--- Exercise directions ---
The line containing "Light brown hair" and every line after it, through the end of the material: copy these exactly and nothing else, leaving pictures out.

--- Provided material ---
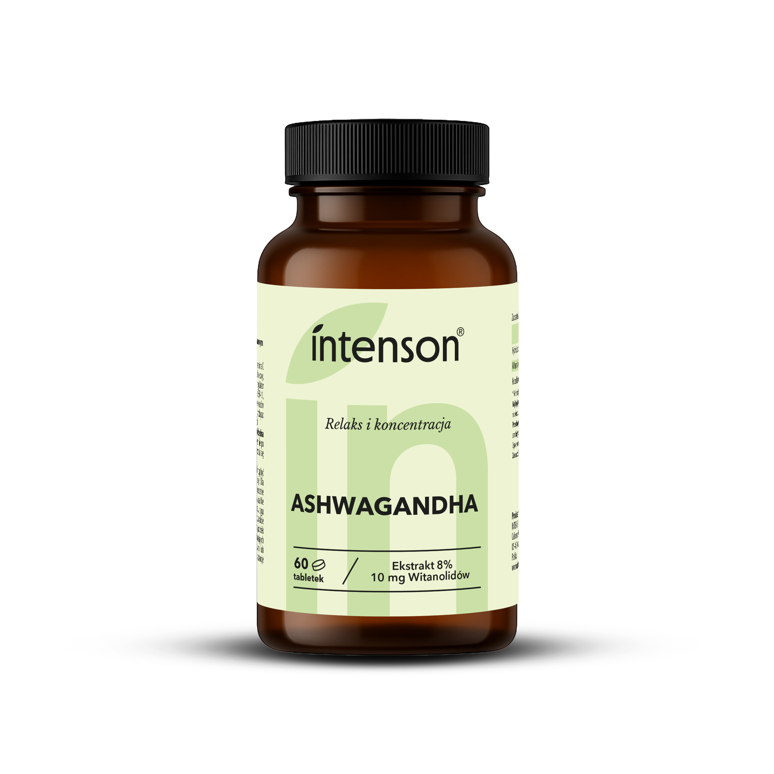 Intenson Ashwagandha 10 mg witanolidów to naturalny suplement roślinny wspierający równowagę organizmu i dobre samopoczucie. Zawiera wysokiej jakości ekstrakt z korzenia Withania somnifera L., standaryzowany na zawartość 8% witanolidów. Dzięki temu każda porcja dostarcza 10 mg tych cennych związków aktywnych, które wspierają odprężenie, koncentrację oraz witalność organizmu.
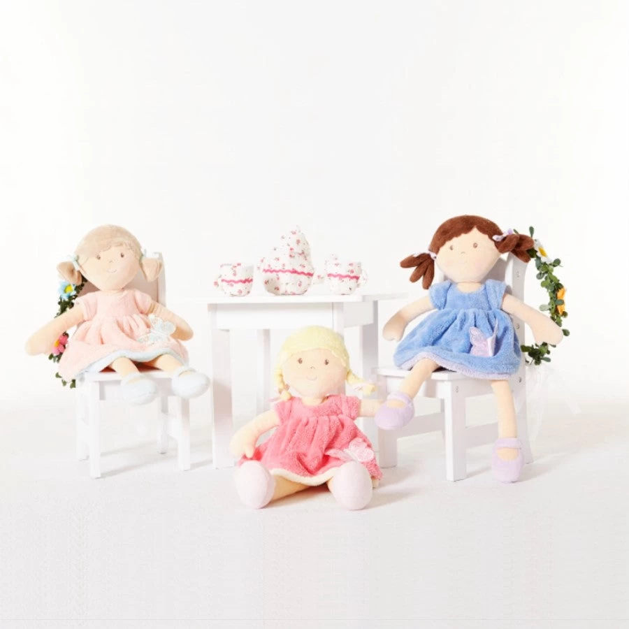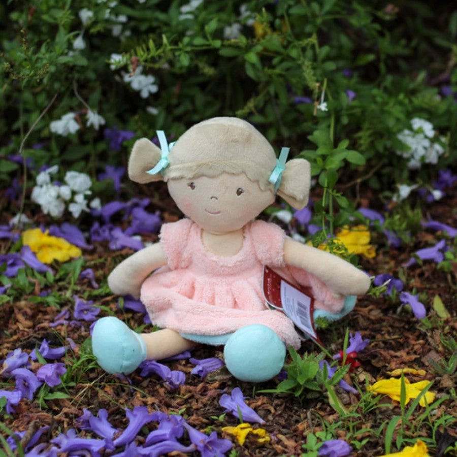 Light brown hair and a baby pink dress, the super soft feel of this doll makes her the perfect comforting companion
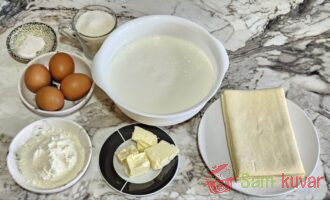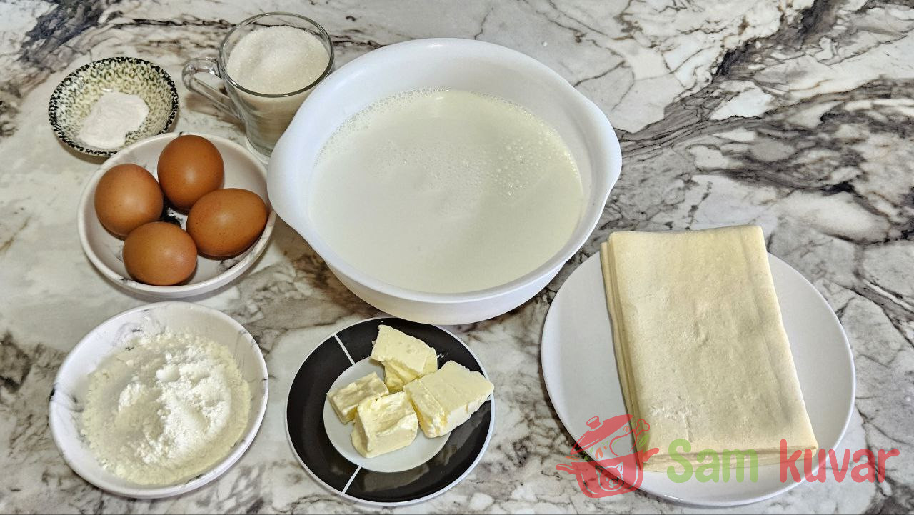 - Pripremite sve potrebne sastojke za lisnatu tortu sa poslastičarskim kremom.

--- The completed task ---
 Light brown hair and a baby pink dress, the super soft feel of this doll makes her the perfect comforting companion
 - Pripremite sve potrebne sastojke za lisnatu tortu sa poslastičarskim kremom.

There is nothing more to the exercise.